In Greece, people in the agrarian sector prepare traditionally unpasteurized dairy foods and containing live cultures of Lactobacillus, Bifidobacterium, or other probiotic microorganisms.

Knowledge on the nutritional habits of a population is important. Children are ingesting milk and dairy products more commonly than the adult population. In this vein, their intestine is expected to be colonized by probiotics, such as Lactobacillus paracasei, Lactobacillus delbrueckii lactis, Lactobacillus lactis lactis, Leuconostoc, and Bifidobacterium (10%). These species are sparsely found (5%) in an old person's microflora (29).

It should be noted that old people have particular alimentary and are consuming often fermented traditional foods. Their intestine is colonized by bacterial strains used classically in traditional food preparations (30).

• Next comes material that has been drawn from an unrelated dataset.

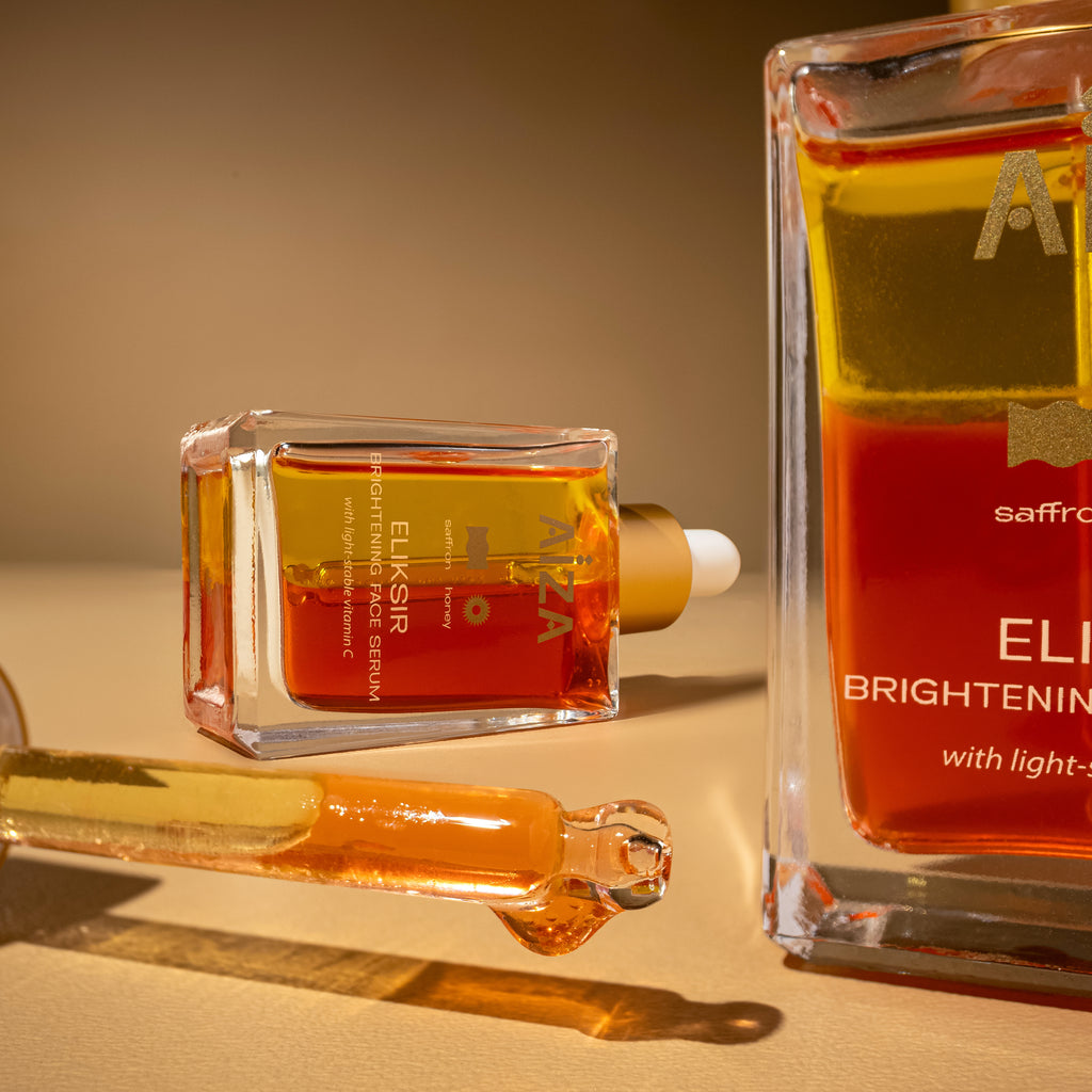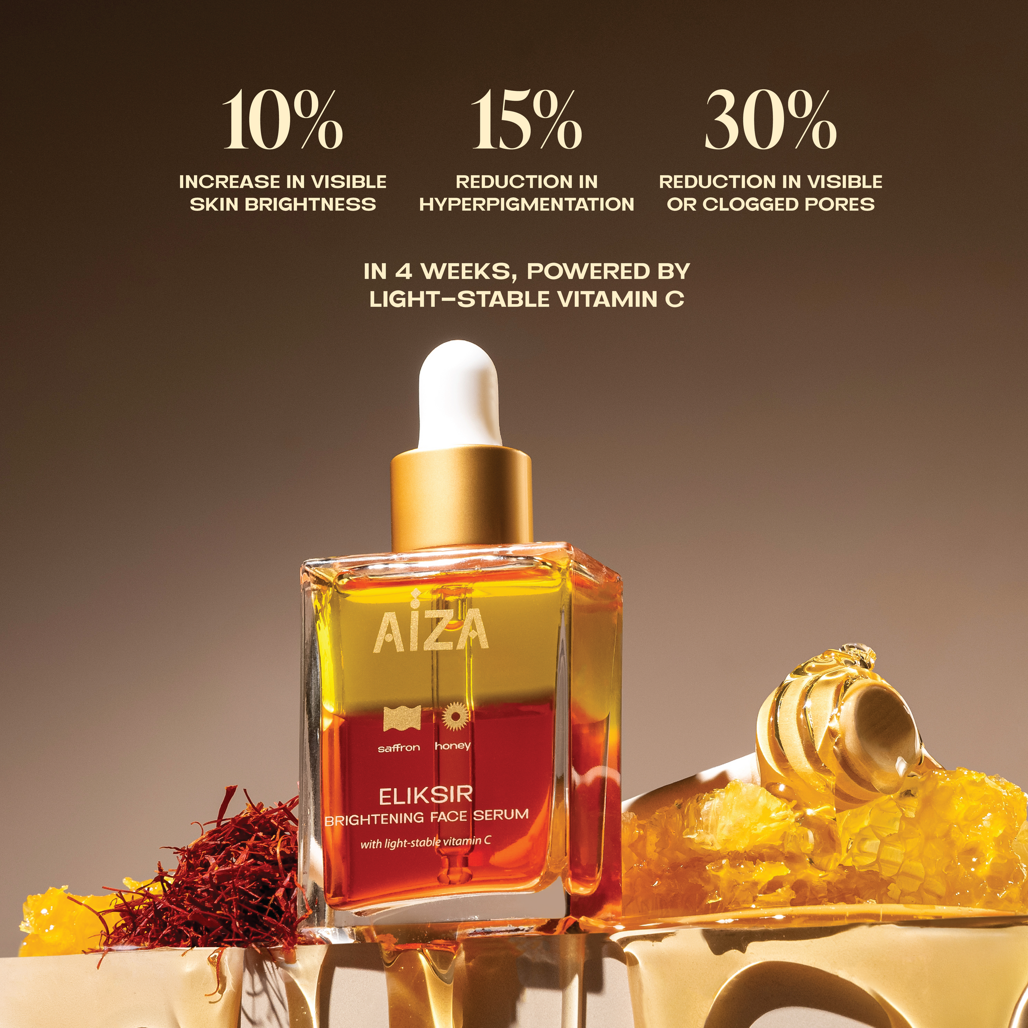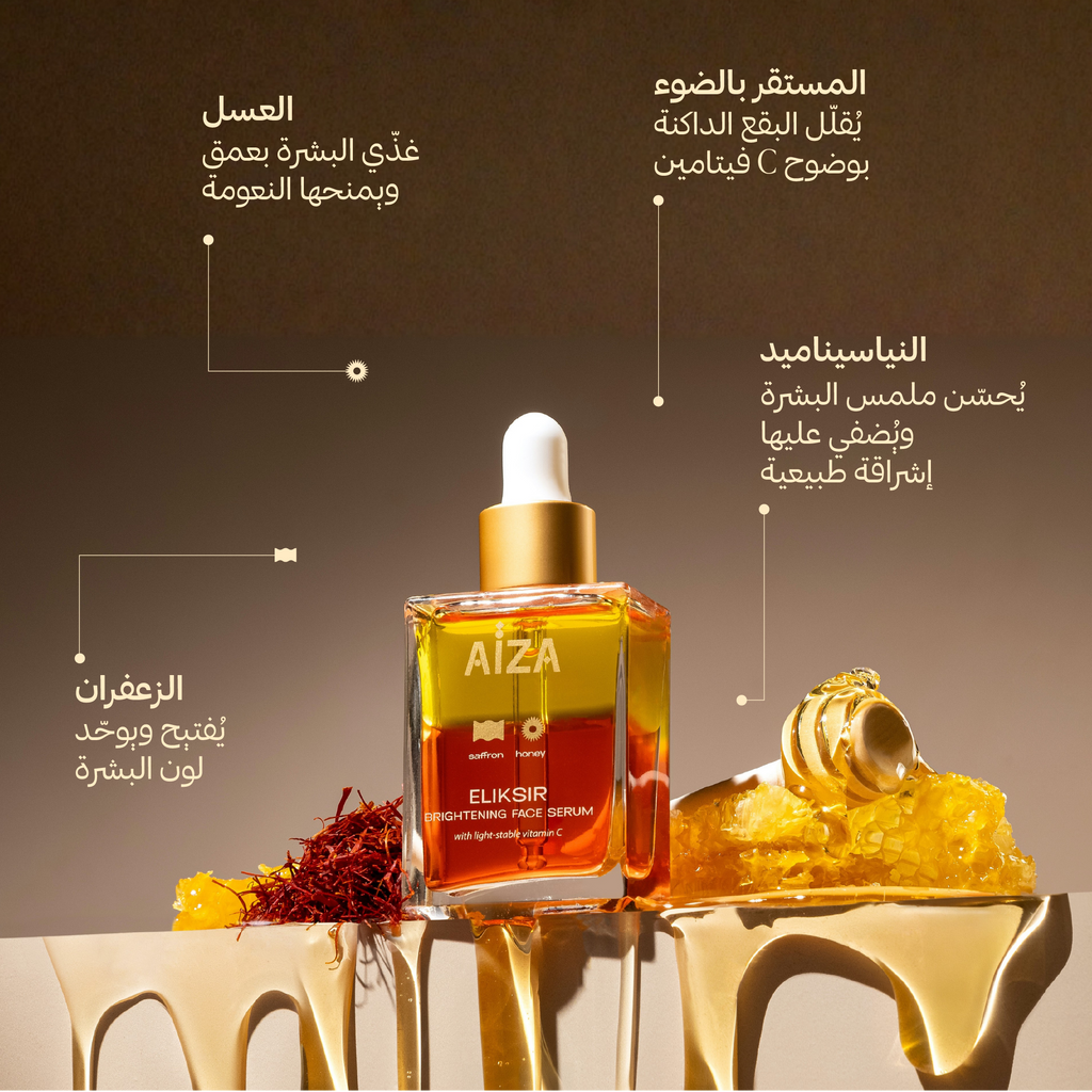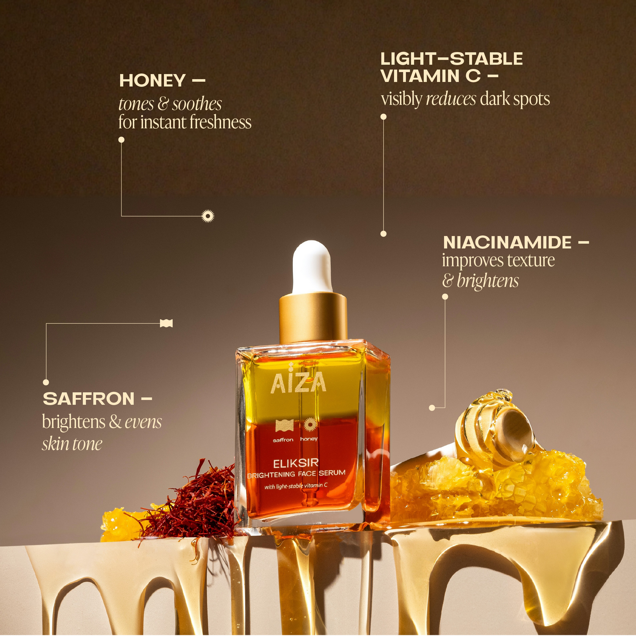 ماء، سيتيل إيثيل هيكسانوات، زيت بذور الجوجوبا، بوليديسين مهدرج، 1,2-هكسانيدول، سكوالان، زيت الأفوكادو، نياسيناميد، مستخلص العسل، خلاصة زهور الزعفران، أسكوربيل تيترات إيزوبالمتيت، خلاصة الرمان، بيوتيلين غليكول، خلاصة الجزر، زيت بذور الجزر، خلاصة التمر، أدينوزين، صمغ السليلوز، كلوريد الصوديوم، زيت الكانولا، إيثيل هيكسيليجليسرين، زيت بذور دوار الشمس، جلوتاثيون، حمض الستريك، توكوفيرول، خلاصة العرعر، خلاصة نبق البحر، سترات الصوديوم، مستخلص اللبان المر، بيتا كاروتين، توكوفيريل أسيتات، سيانوكوبالامين، فتيت الصوديوم، أصفر 6 (CI 15985)، أحمر 33 (CI 17200)، عطر.

Healthy subjects in all ages are harboring a predominant lactoflora (100%). Qualitative and quantitative differences are observed with increasing age (12, 18). During aging, Lactobacillus biotypes and numbers seem to be constant (31).

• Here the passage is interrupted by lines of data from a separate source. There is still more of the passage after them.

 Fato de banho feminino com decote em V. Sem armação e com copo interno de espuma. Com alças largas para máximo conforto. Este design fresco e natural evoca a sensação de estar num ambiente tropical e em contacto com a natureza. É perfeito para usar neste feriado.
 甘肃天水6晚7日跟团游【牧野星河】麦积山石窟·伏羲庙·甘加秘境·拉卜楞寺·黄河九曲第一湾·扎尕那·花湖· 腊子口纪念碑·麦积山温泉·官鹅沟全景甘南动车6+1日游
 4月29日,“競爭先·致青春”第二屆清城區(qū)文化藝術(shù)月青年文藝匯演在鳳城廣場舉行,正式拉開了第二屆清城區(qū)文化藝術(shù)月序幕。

Environment, Stress, Antibiotics, and Other Factors Altering the Intestinal Microbiota

Furthermore, extended isolation of a person, as in the case of a long space flight or special trainings, modifies the intestinal microbiota (32). It is also extensively discussed that stress influences the gut microbiota. Putrefactive bacteria increase Clostridium perfringens in numbers in this last case (33).

Gut diseases, bacterial or viral diarrheas, pseudomembranous colitis, and antibiotic-associated diarrhea have been cured by the use of pharmaceutical probiotics, such as Saccharomyces boulardii, Lactobacillus casei GG, Lactobacillus acidophilus, and Enterococcus faecium.

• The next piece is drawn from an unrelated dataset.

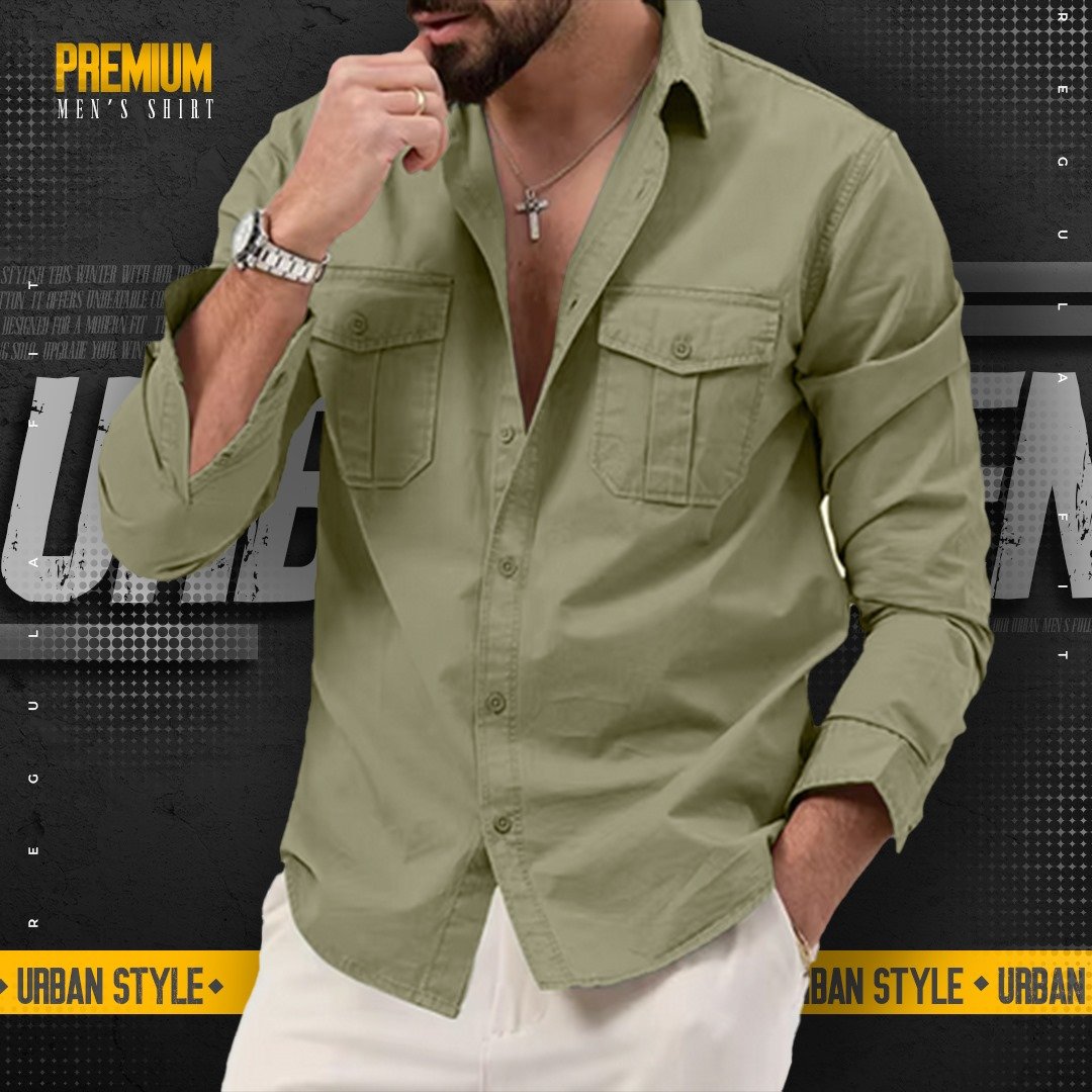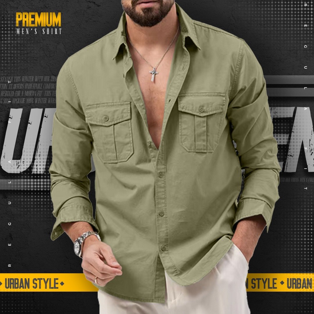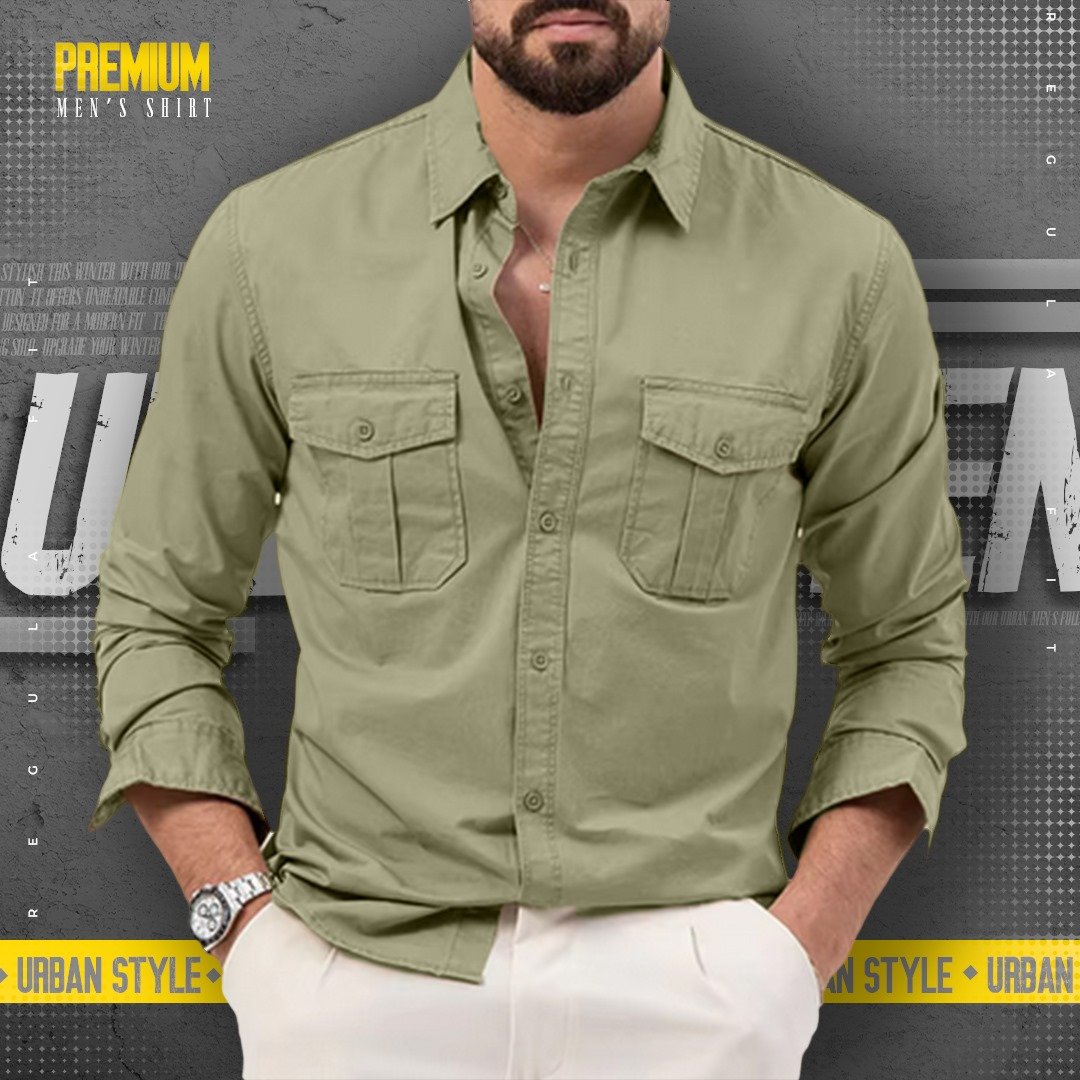 1 peace double pocket mens cotton shirt(lemon green)

Increased numbers of Lactobacillus and/or Enterococcus were observed in the intestine of infants with rotavirus diarrhea (34), as well as inhabitants of the Chernobyl nuclear accident (35).

Missing fecal Lactobacillus is reported in elderly people by some studies (17,18,21). However, it seems that there is a universal scientific agreement on the preponderance of Lactobacillus in all ages (17, 18, 21, 29).

As stated, Lactobacillus is very sensitive to environmental factors, diet, antibiotics, and stress (30).

Overuse of antibiotics in animals could spread antibiotic resistances into dairy products and consumer (30). C. perfringens strains originating from foods developed resistances in various antibiotics ranging from 8% to 49% (30). Resistant C. perfringens strains overwhelm the intestinal flora of an elderly individual (36, 37).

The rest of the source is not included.